Hasta la tierra, pareciera, mutaba en respuesta. El compost de los cementerios espectrales convirtió el suelo en un tapiz de brotes familiares. Los pájaros de la frontera anidaban en ramas que brotaban de los cuerpos recién enterrados. Y, en las noches más húmedas, Mali sentía a miles de otros—vecinos, amigos, incluso enemigos—latir en la misma frecuencia que su savia. El nosotros reemplazó al yo.

¿Era esto el futuro? ¿La esperanza o la sumisión de la biología?

Cierta mañana, sin explicación, Ilaria exigió saber: “¿Por qué aceptaste, mamá? ¿Por qué te convertiste en la raíz que llaman todos?”

Mali la abrazó, sintiendo el crujido suave de los filamentos enredados. “Lo hice porque, en este mundo, solo sobreviven quienes toman riesgos por algo más grande que ellos mismos.

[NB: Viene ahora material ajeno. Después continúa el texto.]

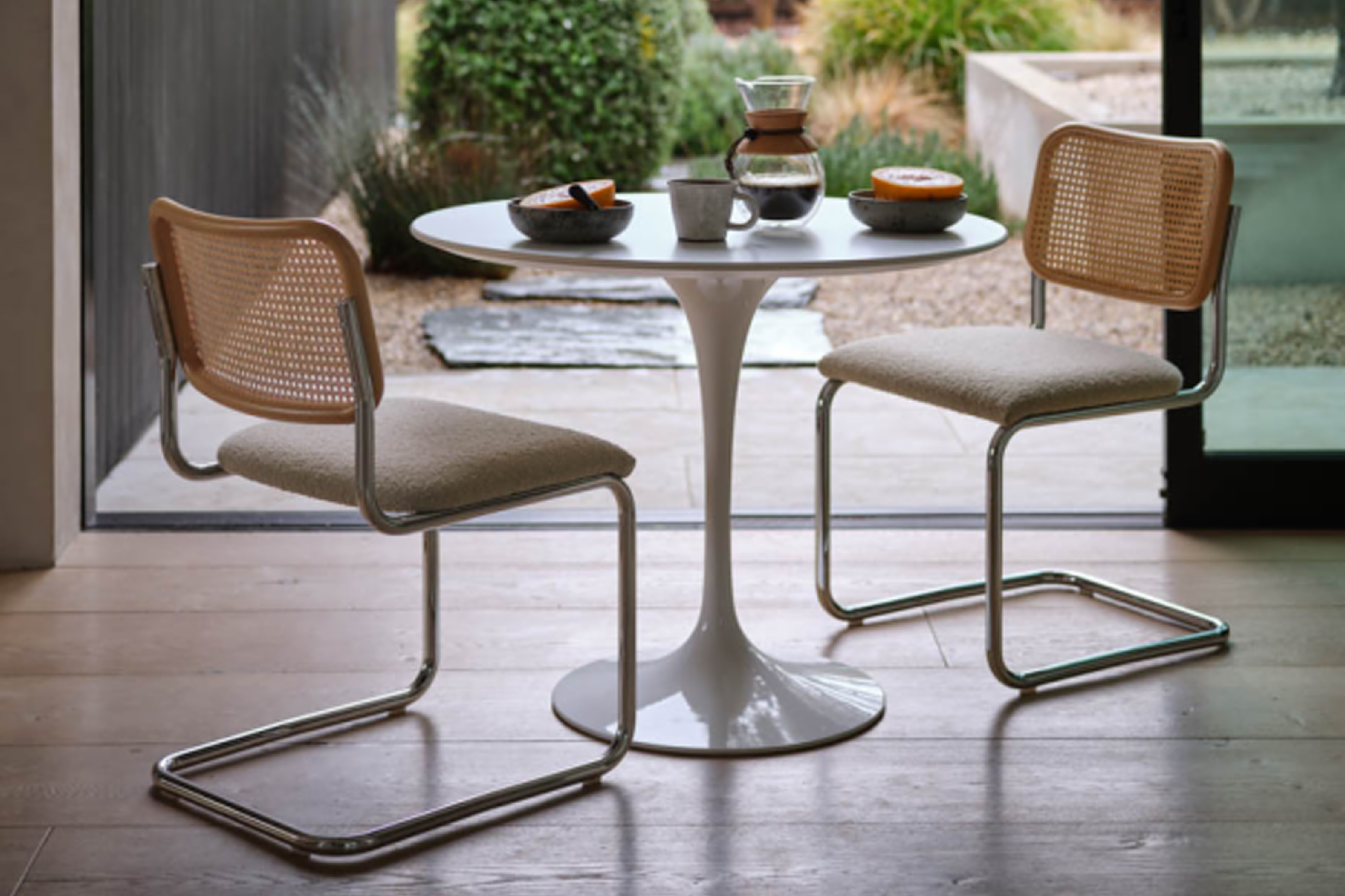 Marcel Breuer married traditional craftsmanship with industrial methods and materials to help make tubular steel furniture an international sensation and a modern institution. The cantilevered form exploits the possibilities unique to the material and gives the chair added flexibility and comfort.

Porque amar es dejar que otras raíces crezcan a través de ti, y confiar en que, algún día, las flores serán más hermosas que el miedo”.

Y cuando Ilaria salió corriendo a jugar entre los jardines, rodeada de otros niños azules, Mali tocó el suelo con la palma de la mano. La tierra, tibia y palpitante, le devolvió una respuesta: un murmullo gutural, mitad vegetal, mitad humano, una promesa de que, en este mundo de carne y hojas, la compasión era la única biología que importaba.